In the lower portion of the casing 2, a steam generating heater 4 is located, including a reinforced heater. The steam-generating heater 4 is molded and integrated into the casing 2, and is in close contact with the casing 2, so that heat from the steam-generating heater 4 is effectively transferred to the casing 2. As a result, the water coming from the water inlet 3 and contained in the lower portion of the casing 2 , evaporates from the heat that is transferred from the steam generating heater 4 to the casing 2, and thus steam is generated.

The forming surface of the terminal 8 is located so that it extends beyond the lower portion of the casing 2, where the steam-generating heater 4 is integrated. Accordingly, the lower portion of the casing 2, which is heated to high temperature by the steam-generating heater 4, is located at a distance from the surface of the wall 11a of the heating chamber 11. As a result, it becomes possible to simplify the heat-resistant design of the heating chamber 11.

In the upper portion of the casing 2, heaters 5 that increase the temperature of the steam, including a reinforced heater having a spiral shape, are arranged so that they form many lines going from left to right. The heater 5, increasing the temperature of the steam, is installed in the casing 2 by means of a flange section 5a, which is a non-heat generating section; wherein the heat generating portion is located at a predetermined distance from the inner wall of the casing 2.

Around the heater 5, increasing the temperature of the steam, there is a box-shaped separation element 7 having an open upper surface and a surrounding heater 5, increasing the temperature of the steam. The output 8 has a cylindrical shape penetrating into the separation element 7, while the output 8 is located in the lower portion of the base of the separation element 7. In addition, the separation element 7 is based on its section connected to the casing 2 and remote from the inner wall of the casing 2 at a predetermined distance . As a result, a steam path 6 is formed, directing steam from the lower portion of the casing 2 to terminal 8 through a heater 5, increasing the temperature of the steam.

The steam path 6 includes: an external path 6a outside the separation element 7 and an internal path 6b inside the separation element 7. The external path 6a and the internal path 6b communicate with each other at the upper end of the separation element 7; the terminal 8 is located in the lower part of the space surrounded by the dividing element 7. As a result, the path length of the steam path 6 is greater than the height of the casing 2, even in the shortest version.

The separation element 7 is made of metal or ceramic, the heat resistance of which is higher than that of the casing 2, while it is more preferable to use stainless steel and the like having excellent corrosion resistance and thermal conductivity.
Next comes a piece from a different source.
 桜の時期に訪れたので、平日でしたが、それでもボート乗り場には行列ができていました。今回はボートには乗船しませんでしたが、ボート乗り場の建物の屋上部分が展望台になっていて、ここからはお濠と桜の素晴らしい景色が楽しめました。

On the surface of the separation element 7, facing the heater 5, which increases the temperature of the steam, a heat-resistant dark coating is applied, so this surface may have a dark color. As a result, the separation element 7 absorbs thermal radiation from the heater 5, increasing the temperature of the steam, and the temperature increase of the casing 2 becomes limited. In addition, electrolytic corrosion of the transition section of various metals between the separation element 7 and the casing 2 is prevented.
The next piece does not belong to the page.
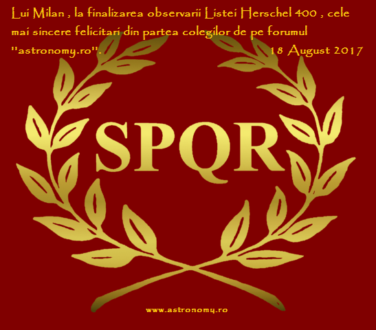 Felicitari maxime lui Milan pentru incheierea observarii Listei Herschel 400...SPQR pentru tine !!!

In the apparatus for cooking food 10 having the aforementioned structure, a water supply tank 20 is installed in which water is stored, food material is placed on the tray 7, and cooking begins. At the beginning of cooking, the water supply pump 21 is started, then the steam-generating heater 4 and the heater 5, which increases the temperature of the steam, are started. Water is supplied to the casing 2 of the steam generating device 1 from the water inlet 3 by the water supply pump 21, as shown by arrow B.

Water entering the casing 2 is contained in the lower portion of the casing 2 and is evaporated by the steam generating heater 4, and steam is generated. At the same time, the steam-generating heater 4 generates heat with a temperature that is lower than the softening temperature of the casing 2. In addition, the heater 5, which increases the temperature of the steam, is located far from the casing 2 and is isolated from the casing 2 by a separation element 7, while the heater 5, which increases the temperature of the steam, generates heat with a temperature above the softening temperature of the casing 2.

For example, in the case when the casing 2 is made of aluminum or an aluminum alloy, the softening temperature is about 400 ° C. Accordingly, since the steam generating heater 4 needs to evaporate water, the steam generating heater 4 generates heat with a temperature of about 200 ° C. In addition, to generate high-temperature superheated steam, the heater 5, which increases the temperature of the steam, generates heat with a temperature of about 600 ° C.

The steam generated in the lower portion of the casing 2 rises along the steam path 6, as shown by arrow C1, and passes through an external path 6a outside of the separation element 7, as shown by arrow C2. The steam flowing through the external path 6a, exchanges heat with a separation element 7, which absorbs thermal radiation from the heater 5, which increases the temperature of the steam. In addition, the steam flowing through the external path 6a carries out heat exchange with the casing 2, so that the casing 2 is cooled. In this regard, the heat exchange rib can be located on the outer surface of the separation element 7 or on the inner wall of the casing 2. This provides an improvement in the efficiency of heat transfer.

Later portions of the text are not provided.